XRP spot ETFs have posted one of the most consistent inflows this quarter, attracting approximately $756 million in eleven consecutive trading sessions since their launch on November 13.
Still, the strength of ETF demand is in stark contrast to XRP’s price performance.
According to Crypto Slates According to data, the token has fallen around 20% over the same period and is currently trading around $2.03.

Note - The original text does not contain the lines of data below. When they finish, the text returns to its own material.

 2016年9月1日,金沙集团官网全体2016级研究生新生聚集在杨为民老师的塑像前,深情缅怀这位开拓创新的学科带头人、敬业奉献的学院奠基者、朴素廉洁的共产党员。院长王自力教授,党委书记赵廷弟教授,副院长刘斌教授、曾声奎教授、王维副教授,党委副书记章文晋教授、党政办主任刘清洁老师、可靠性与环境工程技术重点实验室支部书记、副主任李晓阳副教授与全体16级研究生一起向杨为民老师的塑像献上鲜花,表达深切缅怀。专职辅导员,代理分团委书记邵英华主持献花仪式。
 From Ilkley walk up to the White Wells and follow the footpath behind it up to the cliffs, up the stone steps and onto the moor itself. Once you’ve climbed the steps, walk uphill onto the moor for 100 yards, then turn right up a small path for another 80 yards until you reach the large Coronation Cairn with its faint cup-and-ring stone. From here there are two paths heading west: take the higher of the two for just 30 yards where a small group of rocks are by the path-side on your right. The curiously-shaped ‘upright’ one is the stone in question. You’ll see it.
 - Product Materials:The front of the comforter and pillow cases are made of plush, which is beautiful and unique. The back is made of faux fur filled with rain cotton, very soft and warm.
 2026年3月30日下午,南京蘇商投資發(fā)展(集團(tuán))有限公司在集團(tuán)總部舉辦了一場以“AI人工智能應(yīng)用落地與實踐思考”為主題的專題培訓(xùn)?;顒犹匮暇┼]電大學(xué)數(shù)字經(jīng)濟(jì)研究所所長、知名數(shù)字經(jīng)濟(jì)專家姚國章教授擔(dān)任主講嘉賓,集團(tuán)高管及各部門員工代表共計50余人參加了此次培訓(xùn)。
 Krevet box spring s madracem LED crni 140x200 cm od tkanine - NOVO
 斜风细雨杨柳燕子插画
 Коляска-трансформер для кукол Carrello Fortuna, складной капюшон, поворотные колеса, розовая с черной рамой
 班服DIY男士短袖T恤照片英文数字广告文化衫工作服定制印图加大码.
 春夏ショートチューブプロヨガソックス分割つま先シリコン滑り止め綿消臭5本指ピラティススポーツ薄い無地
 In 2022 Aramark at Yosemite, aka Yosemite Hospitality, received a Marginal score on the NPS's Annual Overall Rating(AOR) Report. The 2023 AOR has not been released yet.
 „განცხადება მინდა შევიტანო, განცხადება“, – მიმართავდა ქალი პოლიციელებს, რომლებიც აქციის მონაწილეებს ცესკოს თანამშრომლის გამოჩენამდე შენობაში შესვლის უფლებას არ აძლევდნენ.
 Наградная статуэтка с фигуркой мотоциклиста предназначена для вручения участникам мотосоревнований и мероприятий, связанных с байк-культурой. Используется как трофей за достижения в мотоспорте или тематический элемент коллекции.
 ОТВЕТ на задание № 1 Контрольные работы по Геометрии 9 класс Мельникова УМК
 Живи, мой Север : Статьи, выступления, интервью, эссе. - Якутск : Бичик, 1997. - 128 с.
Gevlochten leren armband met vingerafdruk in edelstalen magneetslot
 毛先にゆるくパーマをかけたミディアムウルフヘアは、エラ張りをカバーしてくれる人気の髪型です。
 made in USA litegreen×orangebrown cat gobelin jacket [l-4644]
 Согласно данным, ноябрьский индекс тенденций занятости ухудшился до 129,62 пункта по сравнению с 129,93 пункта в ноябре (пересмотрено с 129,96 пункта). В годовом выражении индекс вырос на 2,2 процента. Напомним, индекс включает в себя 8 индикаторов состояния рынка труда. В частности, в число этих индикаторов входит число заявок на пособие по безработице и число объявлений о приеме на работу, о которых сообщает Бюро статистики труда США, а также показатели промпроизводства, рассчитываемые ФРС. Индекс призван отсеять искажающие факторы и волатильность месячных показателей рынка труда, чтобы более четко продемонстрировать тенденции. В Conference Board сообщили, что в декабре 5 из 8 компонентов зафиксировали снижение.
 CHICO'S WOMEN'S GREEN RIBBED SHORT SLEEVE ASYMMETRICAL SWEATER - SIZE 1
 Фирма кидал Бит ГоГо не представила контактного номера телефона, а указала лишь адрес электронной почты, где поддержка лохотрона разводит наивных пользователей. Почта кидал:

This difference has led to CryptoSlate to explore how XRP’s ownership structure is shifting beneath the surface.
Strong ETF inflows and falling prices indicate a market is absorbing two opposing forces: stable institutional allocation on the one hand and broader risk reduction on the other.
In essence, this pattern reflects a more complex process in which new, regulated demand enters the ecosystem as existing holders adjust their exposure.
XRP dominates the flow of crypto ETFs
The inflow profile of XRP products is statistically remarkable, especially against the backdrop of net redemptions elsewhere.
During the reporting period, Bitcoin ETFs saw outflows of over $2 billion, while Ethereum products recorded nearly $1 billion in withdrawals.
Even high-flying competitors like Solana have only managed about $200 million in cumulative inflows. At the same time, other altcoin ETFs have achieved smaller totals, with Dogecoin, Litecoin and Hedera products holding between $2 million and $10 million each.
In this context, XRP stands alone for its consistent accumulation, with its four products now holding approximately 0.6% of the token’s total market capitalization.


Given all this, market participants attribute the demand to the ETF’s operational efficiency. The four XRP funds provide institutional allocators with a smooth path to the asset, bypassing the custody issues and exchange rate risks associated with direct token handling.
However, the fact that these inflows have not translated into upward price pressure suggests that other market segments may be reducing their exposure or managing risk amid the heightened macro- and crypto-specific uncertainty.
This phenomenon is not unprecedented in crypto, but the scale here is different.
The selling pressure likely comes from a combination of early adopters cashing in after years of volatility and potential moves in government bonds. The ETF boom has effectively created a liquidity bridge, allowing large-scale entities to shed positions without immediately crashing the order book.
Consolidation or centralization risk?
Meanwhile, beneath the surface, ownership data reinforces the view that ownership is undergoing radical centralization.
Facts from blockchain analytics firm Santiment indicates that the number of ‘whale’ and ‘shark’ wallets holding at least 100 million XRP has fallen 20.6% over the past eight weeks.


This pattern of fewer large wallets with more combined assets can be interpreted in several ways.
Some market observers have described this as ‘consolidation’, arguing that supply ends up in ‘stronger hands’.
However, a risk-adjusted view indicates increasing centralization risk.
With almost half of the available supply concentrated in an ever-shrinking cohort of entities, the market’s liquidity profile is becoming increasingly fragile.
This centralization of supply means that future price action is highly dependent on the decisions of fewer than a few dozen entities. If this group decides to cash out, the resulting liquidity shock could be severe.
At the same time, balances on spot exchanges are getting thinner as tokens transition to the regulated custody solutions required by ETF issuers.
While this theoretically reduces the ‘float’ available to retailers, it has not caused a supply shock. Instead, the transfer from the exchange to the custodian appears to be a one-way street for now, absorbing the circulating supply sold by the shrinking whale cohort.
The benchmark race
The inflow series has renewed the discussion about which assets could emerge as the benchmark altcoin for institutional portfolios.
Historically, regulated cryptocurrency exposure has focused almost exclusively on Bitcoin and Ethereum, with other assets attracting minimal attention. XRP’s recent flow profile, which has significantly exceeded the cumulative inflows of other altcoin ETFs, has temporarily shifted that dynamic.
Part of the interest stems from the developments surrounding Ripple. The company’s license expansion in Singapore and significant adoption of RLUSD, the dollar-backed stablecoin, give institutions a broader ecosystem to evaluate.
At the same time, Ripple’s custody, brokerage and treasury management acquisitions have created a vertically integrated framework that resembles components of traditional financial infrastructure, providing a foundation for regulated participation.
Still, analysts warn that short-term inflows do not set a new long-term benchmark.
XRP will need to support demand across multiple market phases to maintain its position against competitors like Solana, which has gained attention for its growing tokenization activity, and for assets that can attract larger flows once new ETFs are launched.
For now, XRP’s performance within the ETF complex reflects momentum rather than structural dominance.
The flows highlight genuine institutional interest, but the asset’s price behavior reflects the broader challenges facing major cryptocurrencies amid macroeconomic uncertainty.